Responding to concerns of data users and recommendations of the National Academy of Sciences, in 1989, the BLS initiated its efforts to redesign the survey by conducting a series of pilot surveys to test alternative data collection forms and procedures. Successive phases of pilot testing continued through 1990 and 1991. Cognitive testing of that survey questionnaire with sample respondents was conducted at that time. The objective of these tests was to help develop forms and questions that respondents easily understand and can readily answer.
In survey year 2006, the SOII program conducted a one-year quality assurance (QA) study that had primarily a focus on addressing the magnitude of employer error in recording data from their OSHA forms to the different types of BLS collection forms and methods. The results showed no systematic under-reporting or over-reporting by employers. There was no strong dependence between error rates and collection methods.
Beginning in survey year 2007, the QA program introduced in 2006 was extended and modified to evaluate the quality of the data collected in terms of proper collection methods with the goal of minimizing curbstoning and collector adjustments without respondent contact. If improper collection methods or procedures were uncovered, they were corrected. A byproduct of this program was that each data collector would know that any form they have processed could be selected for the program.
In 2003, the BLS introduced the Internet Data Collection Facility (IDCF) as an alternative to paper collection of data. This system has edits built in which help minimize coding errors. The system is updated annually to incorporate improvements as a result of experience from previous years.

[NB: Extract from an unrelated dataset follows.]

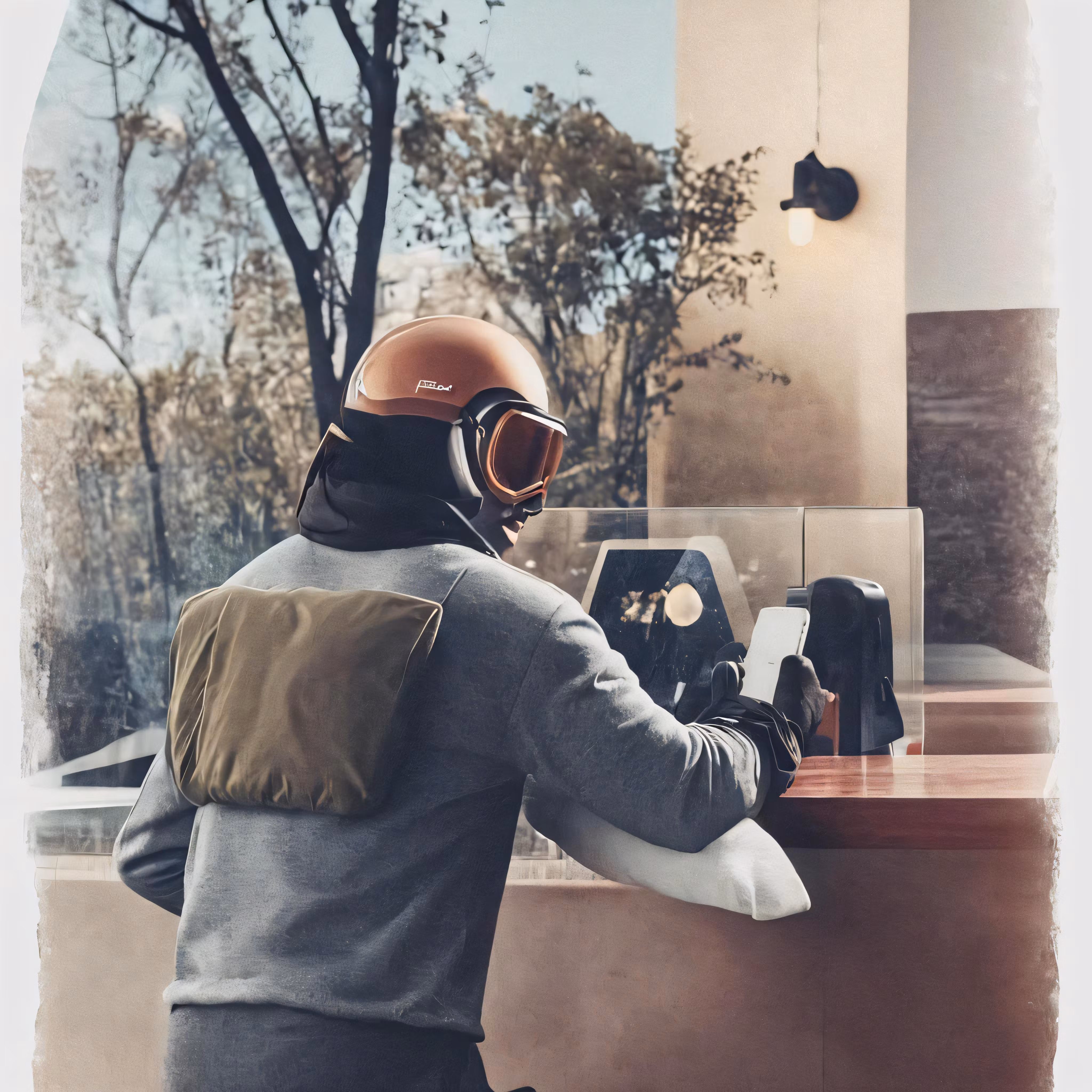 High resolution picture, free to use, person wearing helmet with gloves on standing in front of counter with laptop
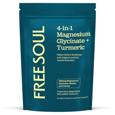 πππ©ππ‘πππ π πππ‘ππ¦ππ¨π πππ¬πππ‘ππ§π β Our unique blend combines 3 powerful forms of Magnesium (Glycinate, Citrate and Malate 1,322mg, 385mg elemental) with 2,000mg of high-strength Turmeric (50:1 extract & 95% curcuminoid). Formulated to support normal muscle function, contribute to the reduction in tiredness and fatigue, and support normal energy levels. πͺππ§π π£π¨π₯π π§π¨π₯π ππ₯ππ β Each serving contains 2000mg of the highest-quality Turmeric Root Extract. This concentrated extract, combined with Magnesium, boasts a range of powerful benefits. Our Magnesium supplements are designed to provide comprehensive support. π§ππ₯πππ‘ππ¦π¦ ππ‘π πππ§πππ¨π β Our 4-in-1 Magnesium Glycinate + Turmeric supplements are perfect after a long day and can play a helpful part of a healthy sleep routine. It also supports the normal function of your nervous system & contributes to the reduction of tiredness & fatigue. πππ©ππ‘πππ ππ₯π¨πππ§π¬-ππ₯ππ ππ’π₯π π¨ππ β Our Magnesium & Turmeric tablet supplements are made in the UK, developed by leading nutritionists and independently tested to ensure the highest quality and purity. At Free Soul weβre committed to clean, premium formulations - vegan, gluten-free, dairy-free and cruelty-free. Your wellbeing is our priority, so you can trust our products to deliver the nutrients you need - without compromise. ππππππ ππ¬ π¦ππππ‘ππ, ππ’π©ππ ππ¬ πππ β Free Soul 4-in-1 Magnesium Glycinate + Turmeric has been formulated to support your bodyβs unique needs.Itβs designed to complement your routine, helping you feel balanced and refreshed every day. ππππ©ππ§π π¬π’π¨π₯ π₯π’π¨π§ππ‘π β whether youβre working out, recovering from daily activities or simply looking to supplement your magnesium or turmeric intake, our Magnesium and Turmeric complex is the perfect solution. Free Soulβs Magnesium Glycinate Supplement has been carefully crafted to support you from a range of different angles including normal muscle function and normal energy yielding metabolism and is an ideal supplement to include in your night time routine. ππππ ππ’π§π§ππ ππ’π‘π§πππ‘π¦ π΅π¬ π§πππππ§π¦

In 2008, extensive cognitive testing was completed on the IDCF collection system. In addition to being an overall review, this testing also provided detailed analysis of the site’s usability and eye-tracking. The summary (Summary of Expert Review of SOII IDCF Web Pages) provided extensive feedback, as well as a rating system that addressed “short-term” (wording changes), “Mid-term” (changes that affect the order of pages (flow), but seemed simple to execute), and “long-term” (changes with skip patterns, or associated buttons that appear to be more complex and would require more testing). The implementation of these changes went through a prioritization processes that took into account BLS staff resources to implement.
In 2009, extensive cognitive testing was completed on the IDCF Adobe Fillable Form. Recommendations were provided (OSMR Review of the Revised SOII Adobe Form), and efforts were made to incorporate them in a timely manner.
In 2012, extensive follow-up cognitive testing was completed on the IDCF collection system. This testing showed (Results of the SOII Edits Usability Test) a vast improvement over previous studies, and noted limited issues in three main areas:
Respondents showed difficulty in understanding what they are supposed to enter in the 'total hours worked by all employees' field, and in using the optional worksheet that accompanies this field.
Respondents can be confused and/or frustrated by the way the information about the average hours worked per employee is derived and presented on the screen.
Respondents missed or had negative reactions to the error message that appeared on the detailed “cases with days away from work” reporting page.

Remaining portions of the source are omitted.